Learn about some of the latest developments on these fronts in the roundup below:
MBA chief economist shares take on latest FOMC interest rate statement
Following the Federal Open Market Committee’s (FOMC) decision to once again leave the federal funds rate unchanged, Mortgage Bankers Association Chief Economist Mike Fratantoni offered his perspective on the situation, taking note of the committee’s shift in its statement to acknowledge that “inflation is slowing, unemployment is rising, and that there are now more balanced risks to the economy.”
“While the Federal Reserve still hopes for a slower rate of inflation, there is a greater risk now that keeping monetary policy overly tight for too long could lead to unnecessarily higher unemployment,” he said. “The FOMC vote to keep rates steady for now was unanimous, but there have been increasing calls from many Federal Reserve officials to begin cutting rates.
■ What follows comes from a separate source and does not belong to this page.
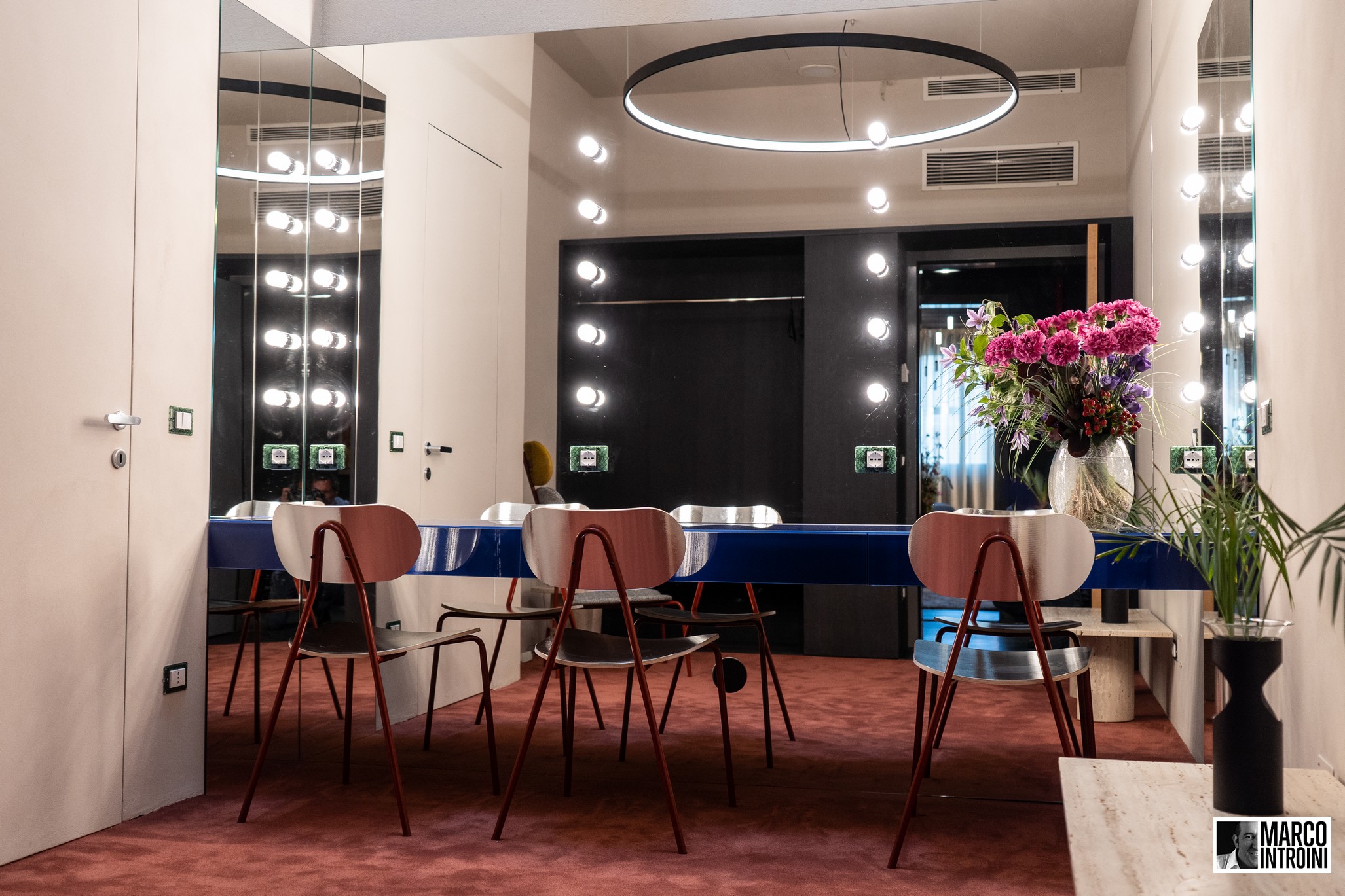 Crisàlide GALANTE MENICHINI ARCHITETTI ”Il camerino è un passaggio. E’ la porta che mette in comunicazione la vita reale ed il palcoscenico, la crisalide dove si attua la metamorfosi di un artista.”

We are holding to our call for two rate cuts this year, with the first in September, as we expect that inflation will continue to moderate.
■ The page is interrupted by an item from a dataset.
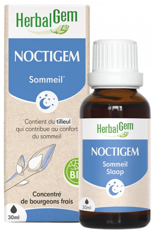 NOCTIGEM proposé par le laboratoire Herbalgem est un complexe qui favorise l’endormissement et augmente la qualité du sommeil grâce au bourgeon de tilleul, qui possède à la fois les propriétés calmantes de la fleur et drainantes de l’aubier et au bourgeon de figuier qui agit en profondeur sur tout l’équilibre nerveux.

“Mortgage rates are now well below 7 percent, and there has been some modest pickup in refinancing activity in recent weeks. We expect that mortgage rates will continue to drift lower through the remainder of the year, particularly if the Fed does launch a series of rate cuts in September.”
CBA, BPI claim CFPB violated APA with BNPL proposal
The Consumer Bankers Association (CBA) and Bank Policy Institute (BPI) claimed the Consumer Financial Protection Bureau (CFPB) violated the Administrative Procedure Act when it issued its interpretive rule regulating “Buy Now, Pay Later” (BNPL) providers. The trade groups argue the interpretive rule is substantive enough to require the bureau to submit it through the formal rulemaking process, with the opportunity for the public to provide comments.
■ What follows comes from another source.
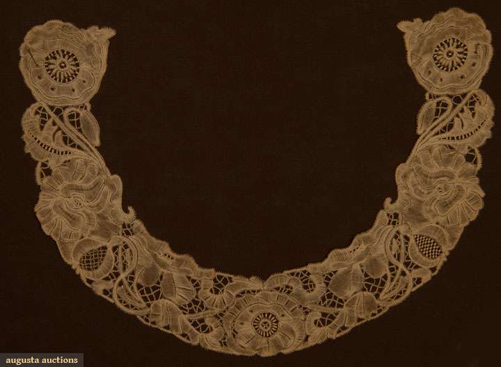 Property of, designed & made by legendary NYC lace author & early 20th C lace merchant, Marian Powys: bobbin lace collar "Poppies" in Art Nouveau pattern, 2.5" x 21", excellent; t/w 1 eyelet fragment made by Powys while at school & 1 c. 1860 3 piece Point de Gaz needle lace set consisting of collar & 2 cut pieces straight lace, very good-excellent.

“If the CFPB is responsible for enforcing the law, it should also be responsible for following it,” CBA and BPI said upon filing the letter. “We share the same goal as the CFPB: consumers that elect to use BNPL must be protected. A rulemaking process will help lead to a more informed rule that will ultimately help the CFPB best protect consumers.”
The organizations urged the bureau to rescind the proposal and revise it to ensure all BNPL issuers are held to the same standards. Read more details here.
ICBA warns members about uptick in HELOC fraud
Independent Community Bankers of America (ICBA) President and CEO Rebeca Romero Rainey issued a warning to community bankers to be wary of the rise of fraudsters using information gained from public mortgage records to create checks drawn on home equity lines of credit (HELOC). She said several ICBA members this week have reported an uptick in check fraud using that data to process checks with equity line of credit. Romero Rainey recommended community bankers work to mitigate this growing source of fraud by not printing the account number on new mortgage documents, reviewing all HELOC checks processed, advising customers to regularly review their HELOC accounts, and reporting incidents to the FBI’s Internet Crime Complaint Center on its website.